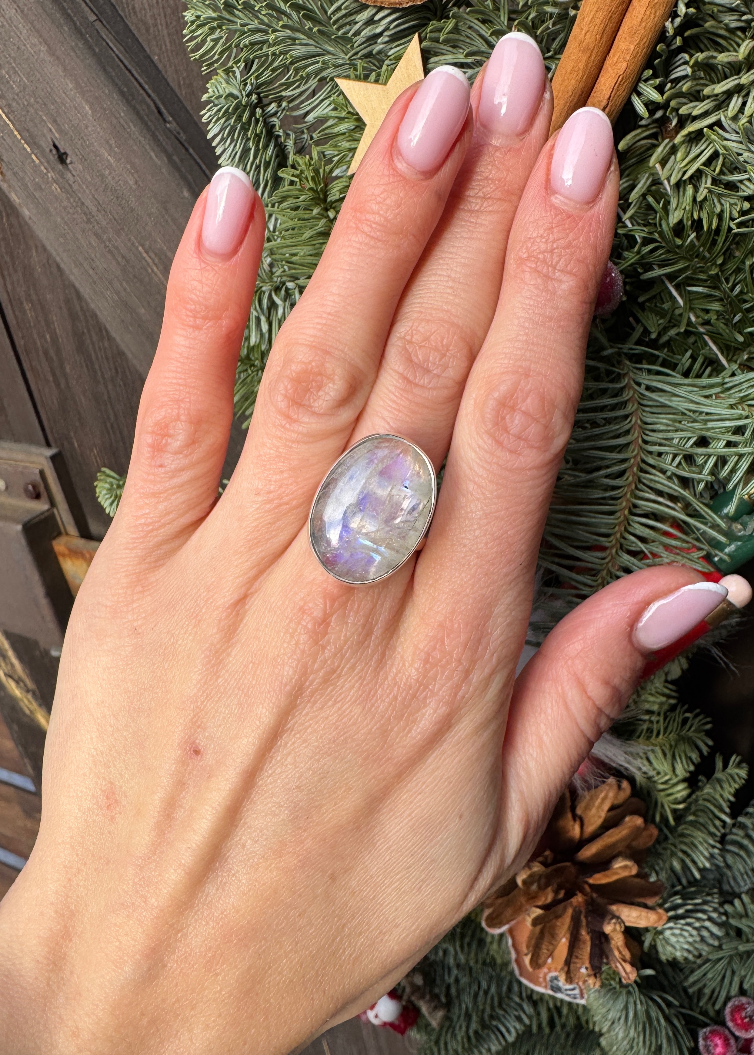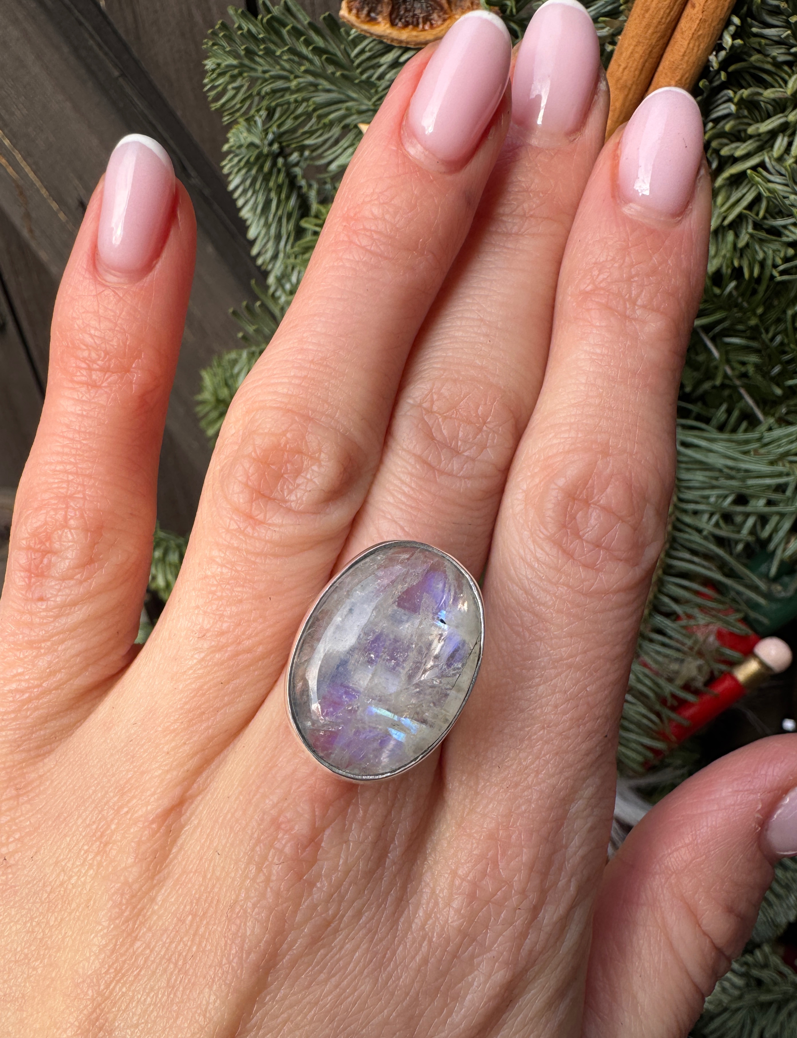 Ręcznie wykonany pierścionek z pięknie mieniącego się kamienia księżycowego w kształcie owalnym i srebra pr.925
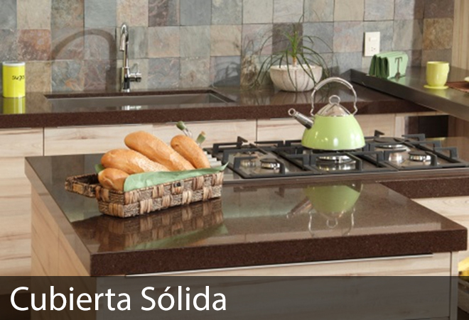 - Superficie sólida compuesta por minerales y acrílico de alta resistencia, que hacen un producto altamente resistente al impacto y al desgaste, totalmente impermeable, protegiendo los gabinetes aumentando su vida útil, no se mancha, no retiene olores, fácil de limpiar, es renovable, se repara con facilidad en caso de que se dañe, sus uniones son imperceptibles.
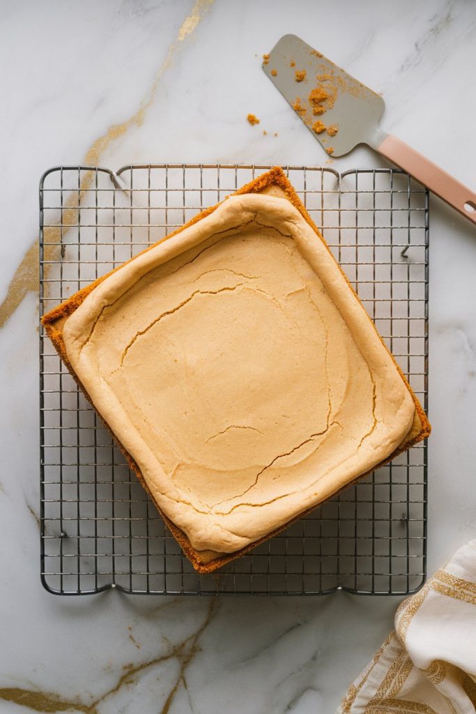 Cool the cheesecake squares in the pan on a wire rack for 1 hour, then transfer to the fridge to chill at least 4 hours or overnight.

▸ Prompt:
Return the data exactly. Pictures stay out.

▸ Task result:
 Ręcznie wykonany pierścionek z pięknie mieniącego się kamienia księżycowego w kształcie owalnym i srebra pr.925
 - Superficie sólida compuesta por minerales y acrílico de alta resistencia, que hacen un producto altamente resistente al impacto y al desgaste, totalmente impermeable, protegiendo los gabinetes aumentando su vida útil, no se mancha, no retiene olores, fácil de limpiar, es renovable, se repara con facilidad en caso de que se dañe, sus uniones son imperceptibles.
 Cool the cheesecake squares in the pan on a wire rack for 1 hour, then transfer to the fridge to chill at least 4 hours or overnight.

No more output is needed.